NCR deletion increases CTCF binding and affects gene regulation (A) CTCF and Rad21 ChIP-seq signals at the cPCDH locus, showing increased CTCF and cohesin enrichments at CBS elements upon NCR deletion (Δ612-637). (B and C) Heatmaps of CTCF (B) and Rad21 (C) ChIP-seq signals at the cPCDH locus. Student’s t test, ∗p < 0.05. (D and E) Heatmaps of CTCF (D) and Rad21 (E) ChIP-seq signals, indicating genome-wide CTCF and Rad21 enrichments upon NCR deletion. Student’s t test, ∗∗∗∗p < 0.0001. (F) Quantitative high-resolution 4C (QHR-4C) experiments with HS5-1 as an anchor, indicating increased chromatin interactions of the HS5-1 enhancer with PCDHα6 or PCDHα12 promoters. (G) RNA-seq indicates increased expression levels of PCDHα6, PCDHα12, and PCDHαc2 upon NCR deletion. Data are presented as mean ± SD; Student’s t test, ∗∗∗∗p < 0.0001. (H) Volcano plots of differential gene expression analyses for WT and ΔNCR cells. Red dots, fold change of gene expression upon NCR deletion (log₂FC > 1 and adjusted p value <0.05). Blue dots, genes only passed adjusted p value <0.05. Yellow dots, gene only passed log₂FC > 1. FC, fold change. (I) TSS distances of up-, down-, or none-regulated (NC) genes to the closest increased CTCF peaks in ΔNCR cells (data are shown as a cumulative distribution function, CDF).

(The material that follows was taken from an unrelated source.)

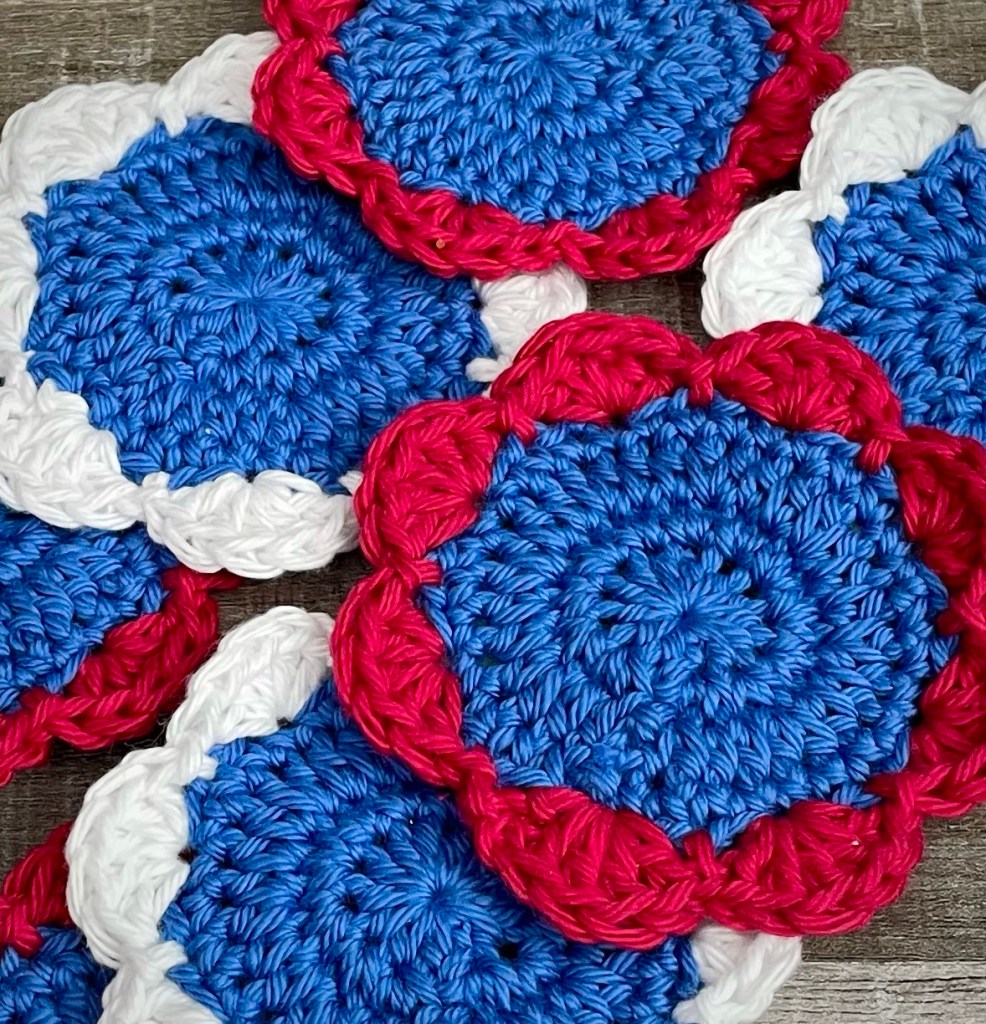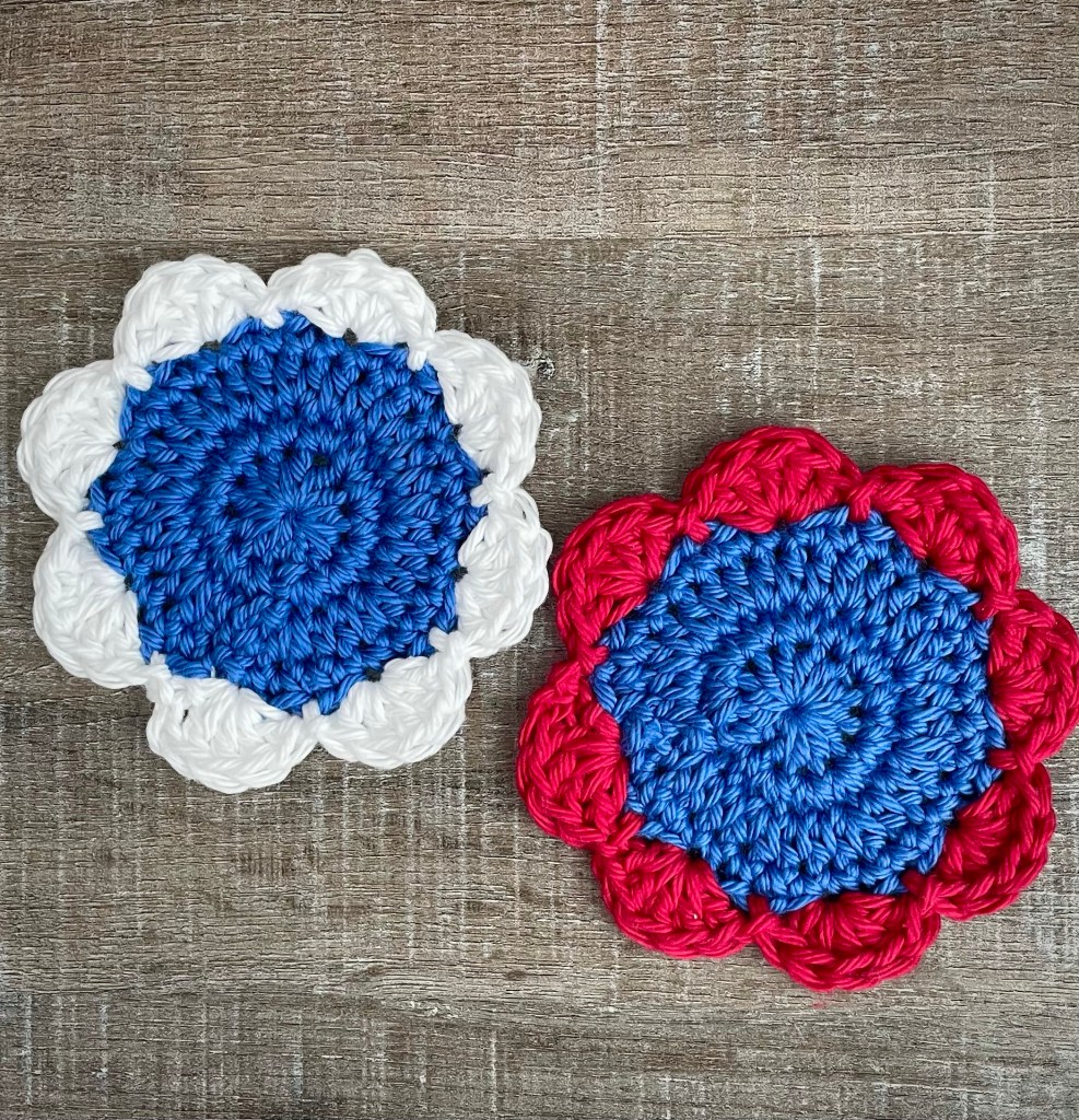 I have a quick and easy Crochet Patriotic Flower Coaster pattern for you today. They will look so cute on your patio table for all of your gatherings this Summer!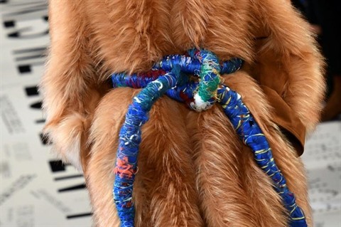L'artiste américaine Sheila Hicks a créé des accessoires en torsade pour cette collection. "Ces ornements sont des œuvres d'art portables", a souligné Stella McCartney. La top du moment Kaia Gerber, âgée de 17 ans, fille de Cindy Crawford a porté un nouveau modèle de trench kaki.

See also Figures S1, S3, and S6 and Tables S5 and S6.

Figure 5

AlphaFold3 modeling suggests autoregulation of CTCF DNA binding by NCR cis-interactions (A) Western blot of recombinant human CTCF proteins. (B–E) EMSA of full-length human CTCF, ΔNCR, ΔCT116 with three different PCDH promoter or exonic CBS elements (B–D) with quantifications (E). Data are presented as mean ± SD; Student’s t test, ∗∗∗∗p < 0.0001. (F) The surface representation of the AlphaFold3 model of human CTCF in the absence of DNA. NTD, ZF, CTD, and NCR are in orange, green, blue, and red, respectively. (G) Negatively charged residues of NCR form nine pairs of electrostatic interactions with the zinc-finger domain. (H) Pairwise interactions between NCR (top) and ZFs (bottom). (I) The surface representation of the AlphaFold3 model of CTCF with DNA ligand. (J) The model of CTCF autoinhibition via large conformational changes with NCR as a flexible DNA mimicry.